Since productivity measurements involve a comparison of output compared to input, we cannot ascertain much by looking only at the hours people work. We have to compare those inputs to the outputs created during those hours.
And that is the sense in which we must evaluate studies that suggest workers using AI sometimes wind up working more hours than they used to.
To be sure, some of that might simply reflect time spent learning how to use AI. Some increased time might be consumed checking AI outputs for accuracy.
But it is at least conceivable that outputs might be changing as well.
AI automates routine tasks, freeing capacity and making more complex or additional work feasible and intrinsically rewarding. This can lead workers to voluntarily expand their scope, take on new roles, multitask more, or extend hours, rather than reducing total hours worked, one study found.

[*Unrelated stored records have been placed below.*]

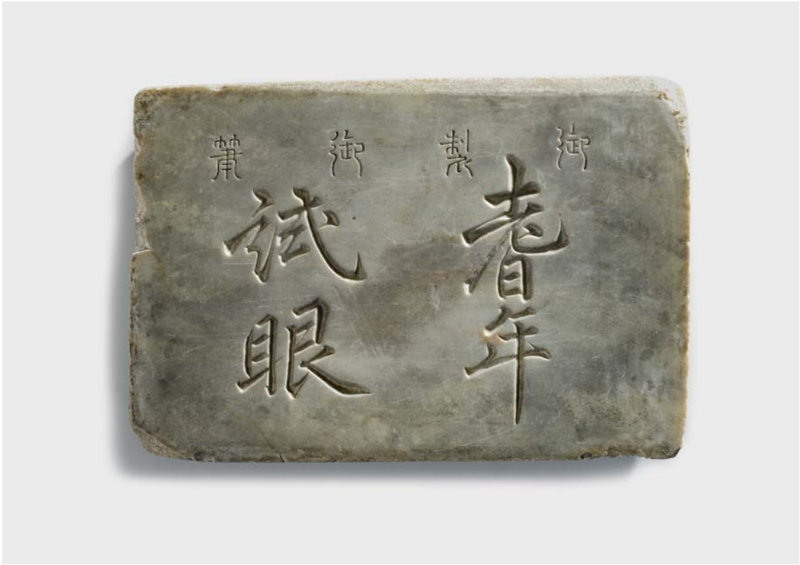
영조 시력측정 글 / 조선 1758년(영조 34) / 국립고궁박물관 소장
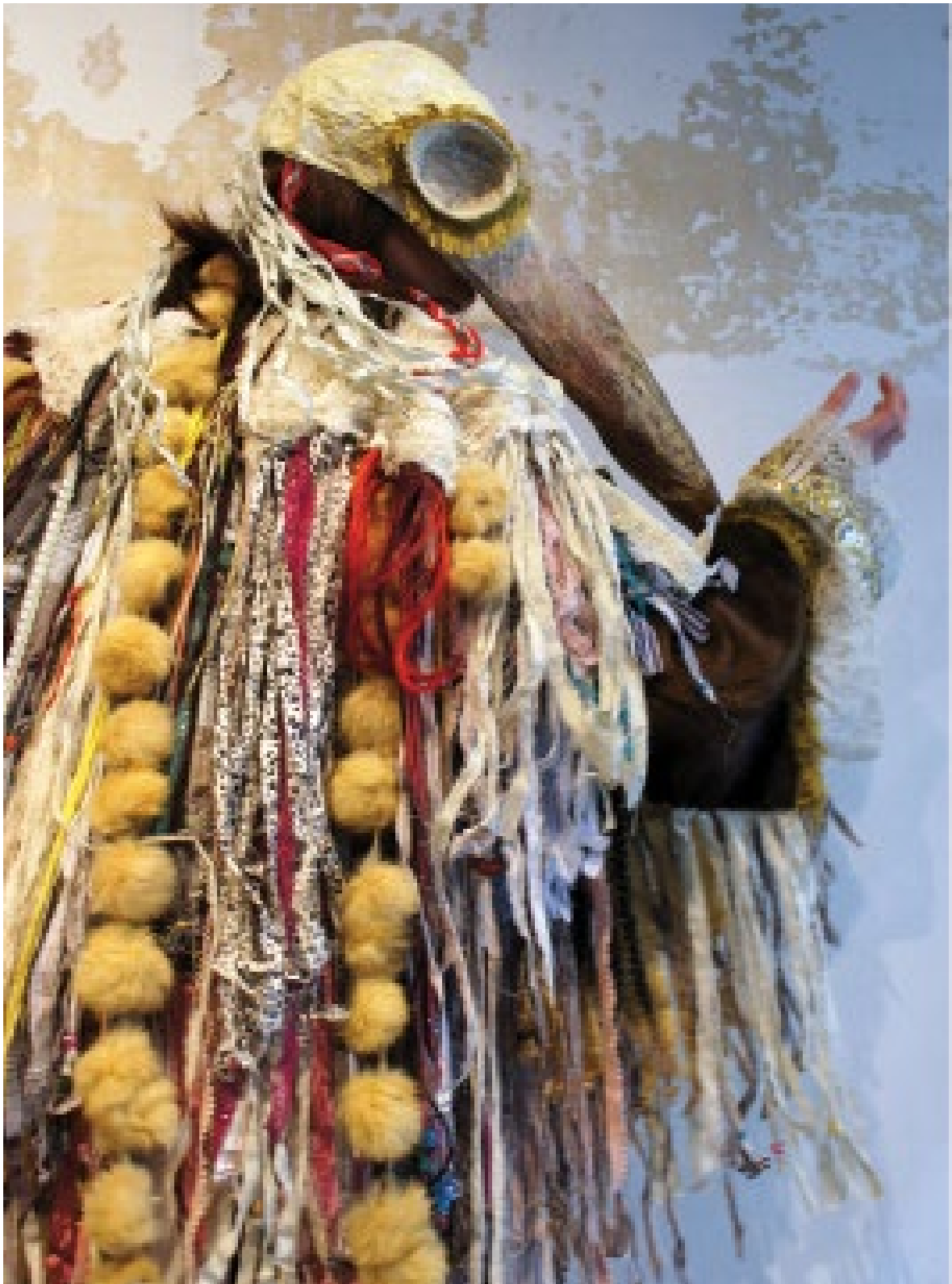
TIPIPLUI Fourrure, bandelettes de chemises, perles Série habits-habitats 2017
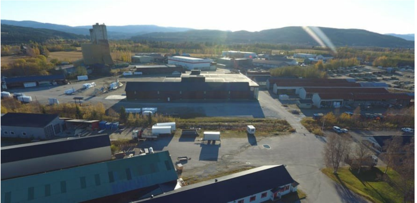
Skogmo Industripark i Namdalen.

AV IDA VALSØ | PUBLISERT 19. OKT. 2021 | OPPDATERT 2. MARS 2023
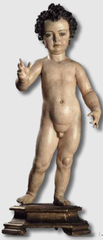
) Juan de Mesa Velasco, Niño Jesús

En esta línea destacamos a los pintores Mariano Fortuny, Francisco Pradilla, Joaquín Agrassot, Ignacio Pinazo, Carlos de Haes, Jaime Morera, Aureliano de Beruete, Santiago Rusiñol, Ramón Casas, Eliseo Meifrén, Dario de Regoyos, Ricardo Baroja, Ignacio Zuloaga, José Gutiérrez Solana, Valentín y Ramón de Zubiaurre o Gonzalo Bilbao; y a los escultores Jerónimo Suñol, Mariano Benlliure, Lorenzo Coullaut Valera, Miguel Blay, Sebastián Miranda, Julio Antonio, Quintín de Torre, Juan Cristóbal o Juan Bautista Adsuara.
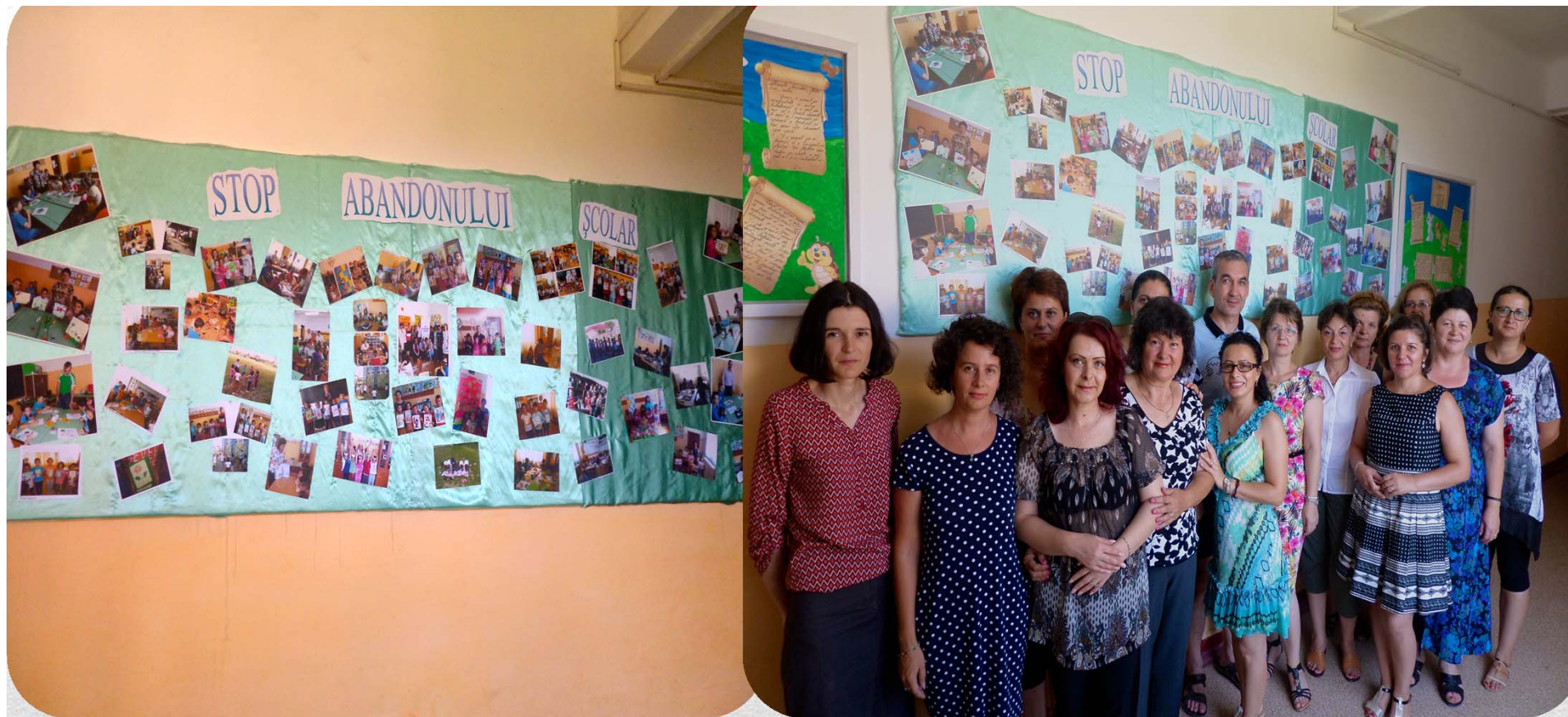
Școala Gimnazială Filiași
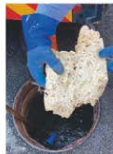
原因は食用油でした
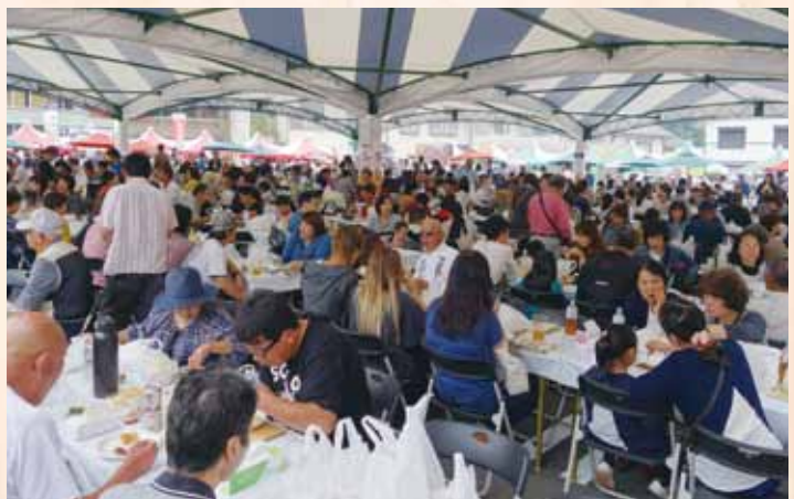
グルメまつり会場内飲食スペース

今年は駐車場のシャトルバス乗り場で多少の混雑等がみられたものの、2日間で両会場合わせて約30,000人もの方々にご来場いただきました。事故等もなく好評のうちに終了することができましたのも、町内各種団体、事業者
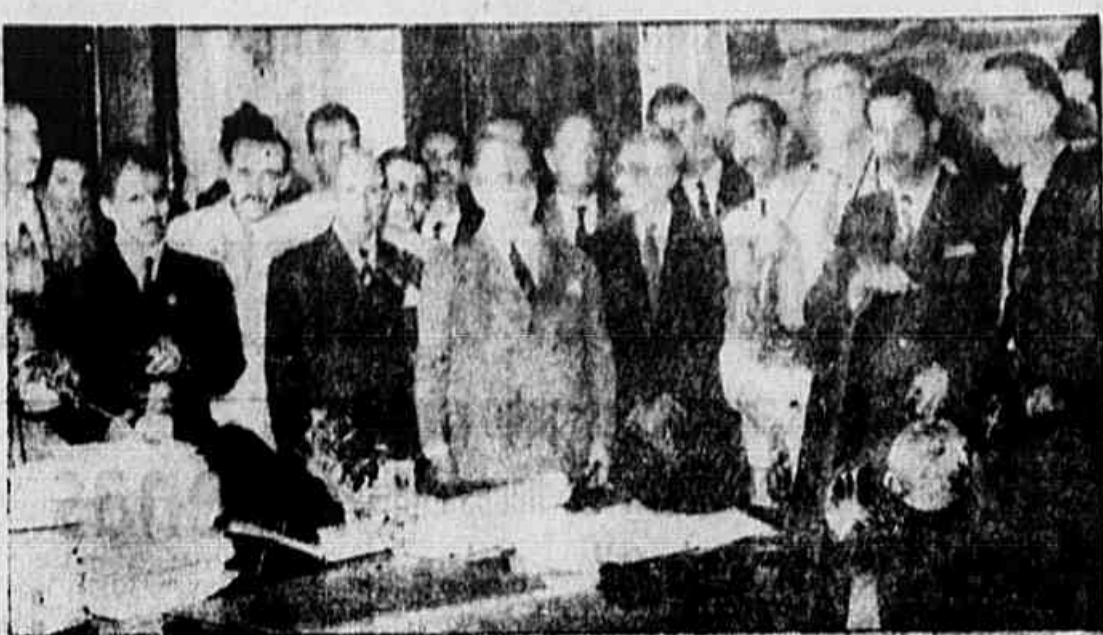
NO CATETE, UMA COMISSAO DA ASSOCIACAO DE FOTOGRAFOS DO RIO — O presidente da Republica recebeu, ontem, no Palácio da Catete, uma delegação da Associação de Fotografos do Rio de Janeiro, que, em nome da classe, apresentou cumprimentos ao Chefe do Governo e, ao mesmo tempo, a S. E. a. os assuntos de maior interesse, principalmente, os que dizem respeito aos problemas imediatos desses profissionais. Na foto acima, um flagrante tomado durante a audiência.

S. PAULO, 2 (Asapress) — A fim de reexaminar a situação de seus diretórios municipais, tendo em vista o pleito suplementar de domingo próximo, reuniu-se amanhã a Comissão Executiva Estadual da UDN.
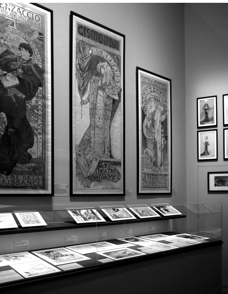
Plakaty autorstwa Alfonsa Muchy, fragment ekspozycji „Paris en scène”.

mnętych gabinetów restauracyjnych i domów publicznych Paryża wracamy jeszcze do sal teatralnych czy też kinowych. Kuratorzy na koniec wystawy spróbowali pokazać, jak szeroki wachlarz rozrywek proponował przybyszom Paryż. Na przełomie XIX i XX w. coś interesującego dla siebie mogli znaleźć zarówno miłośnicy sztuki wysokiej prezentowanej w tradycyjnej formie (na nich czekały spektakle w operze), jak i wielbiciele lżejszej tematyki (odwiedzający prywatne teatry – np. Vaudeville, Variétés czy Théâtre de la Porte-Saint-Martin) – oraz preferujący realizacje nowoczesne (tych gromadził Théâtre Libre). Bez wątplenia tą częścią wystawy zawiązała największa gwiazda ówczesnej paryskiej sceny – wymieniana tu już Bernhard. Przypominają ją m.in. plakaty Muchy, popiersie dłuta Gérôme’a czy fotografie Nadara. Usunięci nieco w cień zostali inni aktorzy tej epoki – chociażby Benoît-Constant
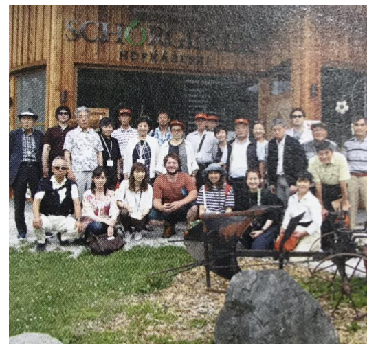
株式会社オールインワン

30回以上の実績があるオールインワンの海外研修(アメリカ、ヨーロッパ)。業界トップクラスの技術や経営、牛肉、牛乳、乳製品の製造・販売の実情を現地視察しています。
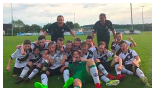
U 15 Mannschaft
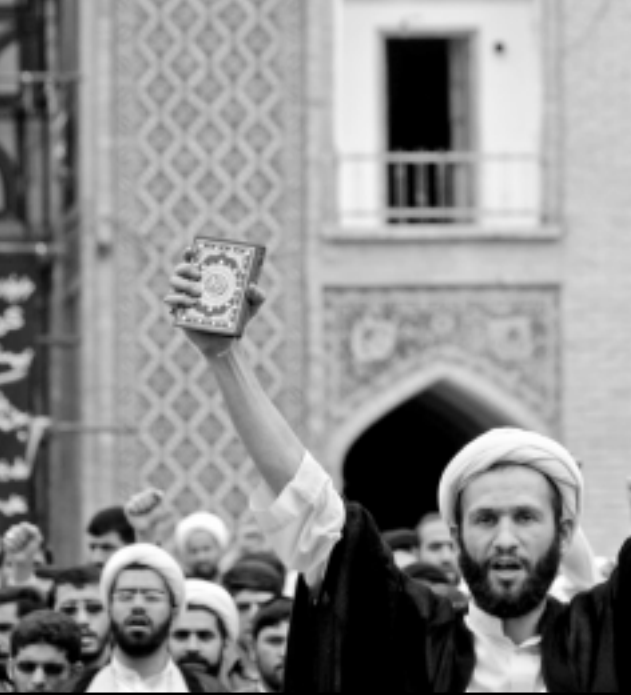
ايرانيون يتظاهرون في قم ضد الولايات المتحدة

الرباط - «القدس العربي»: عبر نواب حزب العدالة والتنمية الاصولي المغربي المعتدل بالبرلمان عن رفضهم «ايه زيادة في معاشات النواب» وذلك في ضوء مشروع القانون المتعلق بأحداث نظام المعاشات لفائدة أعضاء مجلس النواب الذي يناقشه المجلس وقال بلاغ لفريق الحزب ان من شأن هذه الزيادة تحميل خزينة الدولة عبئا إضافيا.
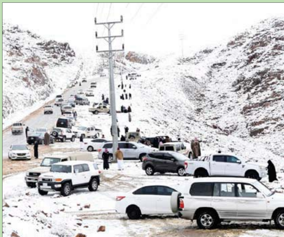
استقبل جبل اللوز في منطقة تبوك شمال غربي السعودية وعدد من المراكز التابعة لها ومحافظة طريف أول أيام العام الجديد أمس بالثلوج (واس) (تفاصيل يوميات الشرق)

حذر مجلس السيادة السوداني من فتنة في البلاد، بعد أحداث العنف التي وقعت خلال مسيرة حاشدة في الخرطوم في 30 ديسمبر (كانون الأول)، أوقعت قتلى وجرحى، إلى جانب قتلقات أمنية في دارفور، وتعديات وحوادث نهب واسعة لقر البعثة الأممية بمدينة الفاشر، مشيراً إلى وجود جهات «تعمل على زرع الفتنة والخلالات» بين مكونات الشعب السوداني. وأدان المجلس، في جلسة طارئة برئاسة الفريق عبد الفتاح البرهان أمس، تلك الانتهاكات، مؤكداً المضي قدماً في بسط الحريات، بما فيها حرية التعبير والتعبير السلمي، والالتزام بالمعايير الدولية في هذا الخصوص، مع الحفاظ على سلطة القانون وهيبة الدولة. وأكدت سلمى عبد الجبار عضو مجلس السيادة الانتقالي في تصريح صحفي أن الاجتماع ناقش الأوضاع الراهنة بالبلاد، مشيرة إلى تأكيد المجلس على ضرورة معالجة الأزمة الراهنة بالحوار والتوافق وتجسير الفوارق بين المبادرات المطروحة للخروج برؤية موحدة، وتسريع تشكيل حكومة «تكنوقراط» لسد الفراغ في هياكل الحكم الانتقالي. في غضون ذلك أعلنت لجان المقاومة بالخرطوم، وهي «تنظيمات شعبية» وكيانات نقابية تقود الحراك الشعبي، عن مظاهرة «ملبونية» اليوم، تتوجه إلى القصر الجمهوري وسط الخرطوم أطلق عليها «موكب الصدمة». (تفاصيل ص 3)
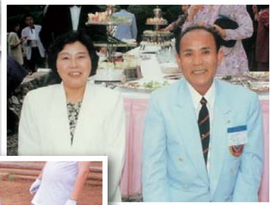
メネットと共に 第48回日本区大会(京都にて)
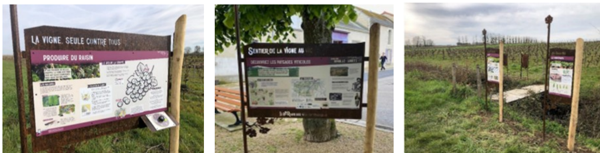
Haltes d'information et panneaux explicatifs à Loretz-d'Argenton

Ce projet présente un coût total de 63 772 € HT et a été financé par le FEADER à hauteur de 35 977,60 €.
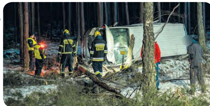
Oględziny służb po zdarzeniu, do którego doszło 13 lutego ok. godz. 22:00.

nujących strażaków, zespół ratownictwa medycznego i jedno auto dostawcze leżące daleko poza drogą. Widać było, że wypadając z niej, ścięło przynajmniej dwa drzewa, a na innych się
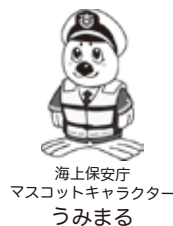
海上保安庁 マスコットキャラクター うみまる
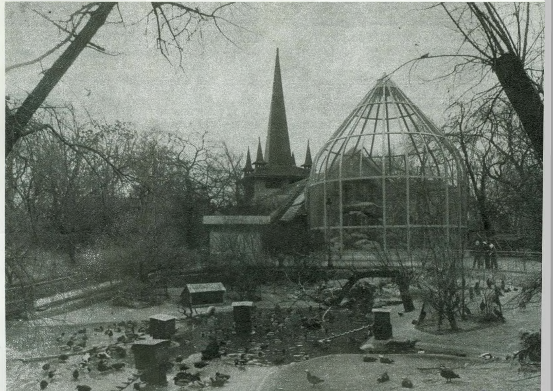
A Kós Károly tervei alapján készült madárház messziről jól mutat, de fenntartása ebben a formában szinte megoldhatatlan

mint kétmillió látogatóval számolhat. Tizenegymillió népességünket tekintve ez rendkívül nagy szám és méltán megérdemli a figyelmet.

Study / Source | Key Findings on Productivity & Hours/Complexity | Link |
Ye & Ranganathan (UC Berkeley Haas, 2026) – Ethnographic field study | AI intensified work: faster pace, broader/more complex tasks (voluntary role expansion), extended hours without being asked. Felt rewarding short-term but risked unsustainability. | HBR Article; Haas News |
ActivTrak (Observational, ~164k-443M work hours) | AI users showed intensified activity (e.g., +104% email, +145% chat, more weekend work); focused/deep work down ~9%; productivity via denser output rather than fewer hours. | Reported in WSJ/HBR coverage |
Noy & Zhang (2023) – RCT with 453 college-educated professionals on writing tasks | ChatGPT: ~40% less time, +18% quality. Workers enjoyed tasks more; weaker writers benefited most (could tackle higher-quality/complex output). | Science |
Dell'Acqua et al. (BCG/HBS/MIT/Wharton, 2023) – Field experiment with 758 consultants | GPT-4: +12% tasks completed, 25% faster, significantly higher quality (esp. "inside the frontier"). Enabled broader capabilities. | HBS Working Paper; MIT Sloan coverage |
St. Louis Fed / Bick et al. (survey data, 2024-2025) | GenAI users: ~5.4% work hours saved (more for frequent users); implies ~33% higher productivity per AI-assisted hour. Aggregate ~1.1% U.S. productivity boost. Time savings could enable more complex work. | St. Louis Fed |
Other experiments (e.g., coding/consulting) | Mixed: Gains often larger for juniors (enabling complex work); some show output increases without proportional time reduction due to scope expansion. | Various (e.g., Microsoft/Accenture Copilot trials) |
In other words, it is possible that AI can result in workers doing more, rather than less; spending more input hours rather than fewer.
That might happen because AI makes complex work more accessible and engaging.
So working more, rather than less, is rational for career growth, intrinsic motivation, firm expectations or simply because the new work is interesting.
What we do not know yet is AI impact on productivity. We cannot only measure inputs. We have to know whether outputs have increased, and if so, by how much.